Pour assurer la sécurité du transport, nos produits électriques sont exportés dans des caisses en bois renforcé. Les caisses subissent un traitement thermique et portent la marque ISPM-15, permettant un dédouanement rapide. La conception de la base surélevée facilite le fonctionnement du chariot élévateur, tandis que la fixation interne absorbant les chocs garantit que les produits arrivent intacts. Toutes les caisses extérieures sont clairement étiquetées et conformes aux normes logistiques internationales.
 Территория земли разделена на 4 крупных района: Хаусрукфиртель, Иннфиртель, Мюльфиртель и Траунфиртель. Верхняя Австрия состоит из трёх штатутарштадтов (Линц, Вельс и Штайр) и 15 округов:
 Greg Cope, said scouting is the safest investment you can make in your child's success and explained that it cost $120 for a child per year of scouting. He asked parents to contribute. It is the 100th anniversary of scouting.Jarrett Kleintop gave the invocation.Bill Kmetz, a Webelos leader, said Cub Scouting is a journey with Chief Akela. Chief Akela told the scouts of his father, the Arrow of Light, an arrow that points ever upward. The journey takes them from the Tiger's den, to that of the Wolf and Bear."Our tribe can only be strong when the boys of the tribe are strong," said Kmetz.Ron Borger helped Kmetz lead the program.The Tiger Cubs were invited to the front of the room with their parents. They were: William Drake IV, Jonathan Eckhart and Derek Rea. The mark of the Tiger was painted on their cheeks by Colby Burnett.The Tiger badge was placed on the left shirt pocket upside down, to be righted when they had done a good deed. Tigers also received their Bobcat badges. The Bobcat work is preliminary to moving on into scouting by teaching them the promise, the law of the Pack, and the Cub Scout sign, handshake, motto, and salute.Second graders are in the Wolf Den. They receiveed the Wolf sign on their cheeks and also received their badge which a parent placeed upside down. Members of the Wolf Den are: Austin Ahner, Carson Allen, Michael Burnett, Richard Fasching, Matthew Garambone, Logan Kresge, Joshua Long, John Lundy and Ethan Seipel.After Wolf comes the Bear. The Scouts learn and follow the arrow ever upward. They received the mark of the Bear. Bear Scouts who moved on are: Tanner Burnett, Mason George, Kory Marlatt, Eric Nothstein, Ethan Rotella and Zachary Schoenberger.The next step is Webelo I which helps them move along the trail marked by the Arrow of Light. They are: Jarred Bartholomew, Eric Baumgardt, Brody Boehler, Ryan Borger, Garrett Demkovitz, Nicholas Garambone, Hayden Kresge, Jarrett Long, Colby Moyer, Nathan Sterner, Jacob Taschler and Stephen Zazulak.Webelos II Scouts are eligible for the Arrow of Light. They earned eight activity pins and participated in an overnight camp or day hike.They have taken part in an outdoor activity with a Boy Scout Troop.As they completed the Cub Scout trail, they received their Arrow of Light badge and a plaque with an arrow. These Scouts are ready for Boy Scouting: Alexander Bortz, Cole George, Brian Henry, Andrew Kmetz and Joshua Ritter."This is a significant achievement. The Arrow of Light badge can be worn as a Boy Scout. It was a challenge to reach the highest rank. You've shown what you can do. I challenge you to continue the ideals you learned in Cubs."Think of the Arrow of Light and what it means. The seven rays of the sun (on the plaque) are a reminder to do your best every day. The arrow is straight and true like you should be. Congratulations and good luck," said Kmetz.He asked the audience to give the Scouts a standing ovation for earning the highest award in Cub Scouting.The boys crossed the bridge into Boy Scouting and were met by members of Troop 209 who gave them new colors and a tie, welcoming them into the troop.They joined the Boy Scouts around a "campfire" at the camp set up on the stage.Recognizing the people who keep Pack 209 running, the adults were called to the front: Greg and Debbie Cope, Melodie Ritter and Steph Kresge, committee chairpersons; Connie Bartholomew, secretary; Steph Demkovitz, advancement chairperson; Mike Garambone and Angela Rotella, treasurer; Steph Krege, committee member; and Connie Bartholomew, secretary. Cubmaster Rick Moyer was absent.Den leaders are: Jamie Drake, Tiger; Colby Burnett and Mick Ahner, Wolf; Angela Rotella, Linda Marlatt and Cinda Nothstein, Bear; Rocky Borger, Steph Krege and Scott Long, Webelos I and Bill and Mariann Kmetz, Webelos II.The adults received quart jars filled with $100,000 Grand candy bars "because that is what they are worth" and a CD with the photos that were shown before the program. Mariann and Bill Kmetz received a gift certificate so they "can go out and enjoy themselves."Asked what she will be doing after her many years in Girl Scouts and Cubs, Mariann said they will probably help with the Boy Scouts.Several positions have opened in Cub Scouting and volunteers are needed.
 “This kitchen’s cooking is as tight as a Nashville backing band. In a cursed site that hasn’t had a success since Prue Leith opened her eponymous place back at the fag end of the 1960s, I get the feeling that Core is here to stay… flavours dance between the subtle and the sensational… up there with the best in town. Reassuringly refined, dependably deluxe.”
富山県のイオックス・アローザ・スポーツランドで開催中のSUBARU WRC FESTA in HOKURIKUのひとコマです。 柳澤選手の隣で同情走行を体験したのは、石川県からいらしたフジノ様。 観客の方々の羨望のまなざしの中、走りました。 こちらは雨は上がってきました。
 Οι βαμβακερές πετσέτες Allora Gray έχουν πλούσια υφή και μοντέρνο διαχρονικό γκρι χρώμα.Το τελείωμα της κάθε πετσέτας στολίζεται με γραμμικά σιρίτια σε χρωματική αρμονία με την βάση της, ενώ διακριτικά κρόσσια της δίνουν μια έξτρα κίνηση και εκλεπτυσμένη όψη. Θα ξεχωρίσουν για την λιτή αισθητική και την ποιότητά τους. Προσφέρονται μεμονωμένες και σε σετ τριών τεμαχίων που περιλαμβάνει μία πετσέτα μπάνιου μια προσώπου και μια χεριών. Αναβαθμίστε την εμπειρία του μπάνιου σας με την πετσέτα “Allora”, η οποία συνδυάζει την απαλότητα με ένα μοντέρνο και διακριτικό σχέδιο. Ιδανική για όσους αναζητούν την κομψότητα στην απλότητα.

---

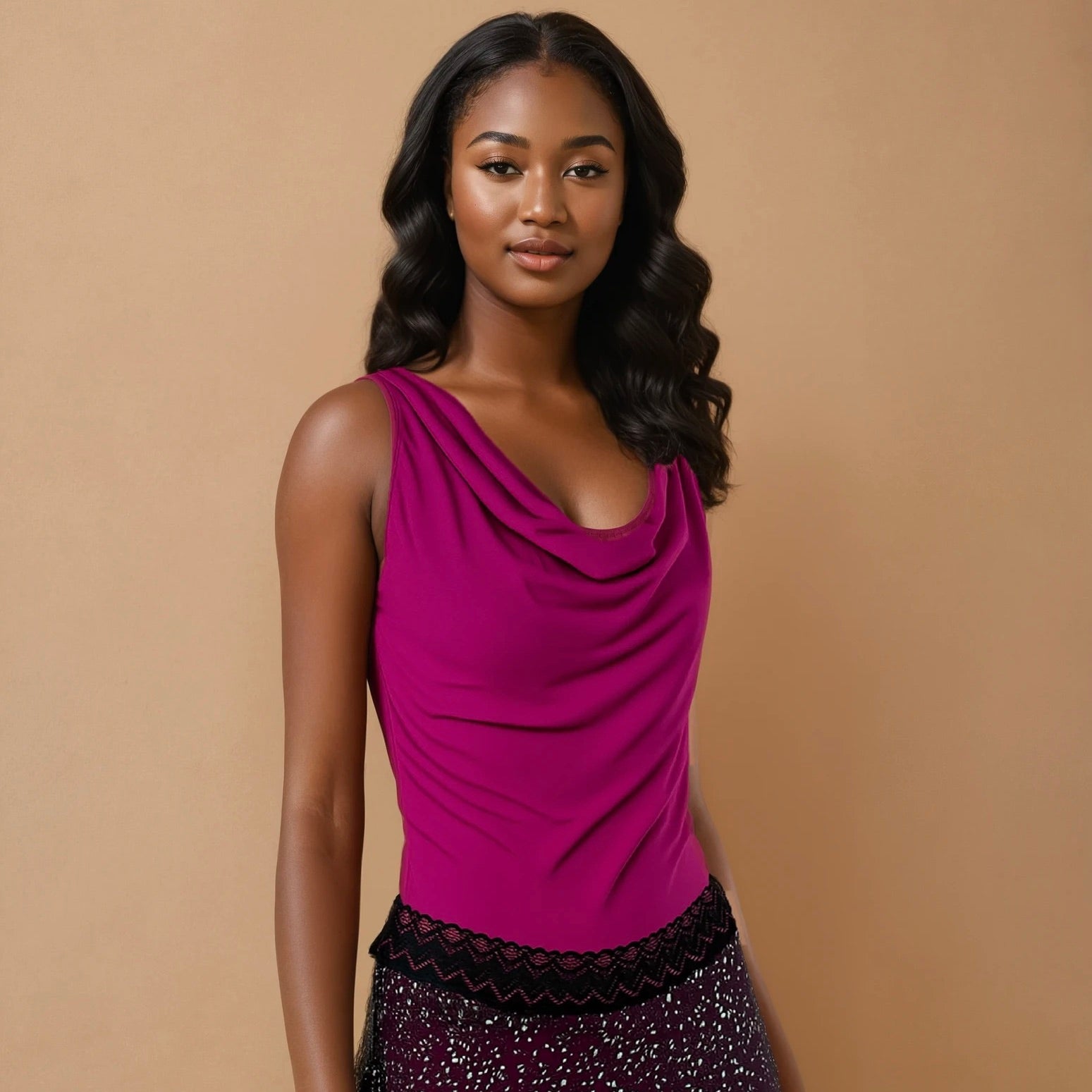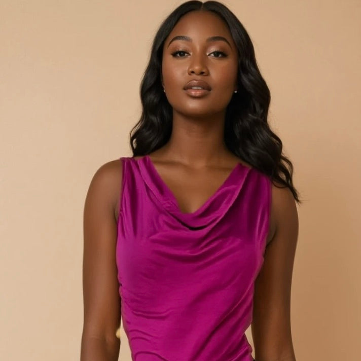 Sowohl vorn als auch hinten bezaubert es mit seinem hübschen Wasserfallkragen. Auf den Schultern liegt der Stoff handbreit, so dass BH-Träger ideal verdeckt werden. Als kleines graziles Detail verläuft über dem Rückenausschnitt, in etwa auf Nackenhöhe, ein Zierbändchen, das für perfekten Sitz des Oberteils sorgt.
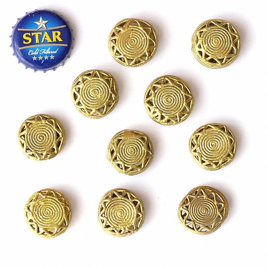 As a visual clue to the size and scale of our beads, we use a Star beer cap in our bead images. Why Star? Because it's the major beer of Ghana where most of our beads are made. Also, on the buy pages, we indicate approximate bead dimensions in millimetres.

▸ Exercise requirements: Of all the entries above, repeat only the lines from the line that has "Pour assurer la" to the line that has "Территория земли разделена", both lines included, exactly.

▸ Finished task:
Pour assurer la sécurité du transport, nos produits électriques sont exportés dans des caisses en bois renforcé. Les caisses subissent un traitement thermique et portent la marque ISPM-15, permettant un dédouanement rapide. La conception de la base surélevée facilite le fonctionnement du chariot élévateur, tandis que la fixation interne absorbant les chocs garantit que les produits arrivent intacts. Toutes les caisses extérieures sont clairement étiquetées et conformes aux normes logistiques internationales.
 Территория земли разделена на 4 крупных района: Хаусрукфиртель, Иннфиртель, Мюльфиртель и Траунфиртель. Верхняя Австрия состоит из трёх штатутарштадтов (Линц, Вельс и Штайр) и 15 округов:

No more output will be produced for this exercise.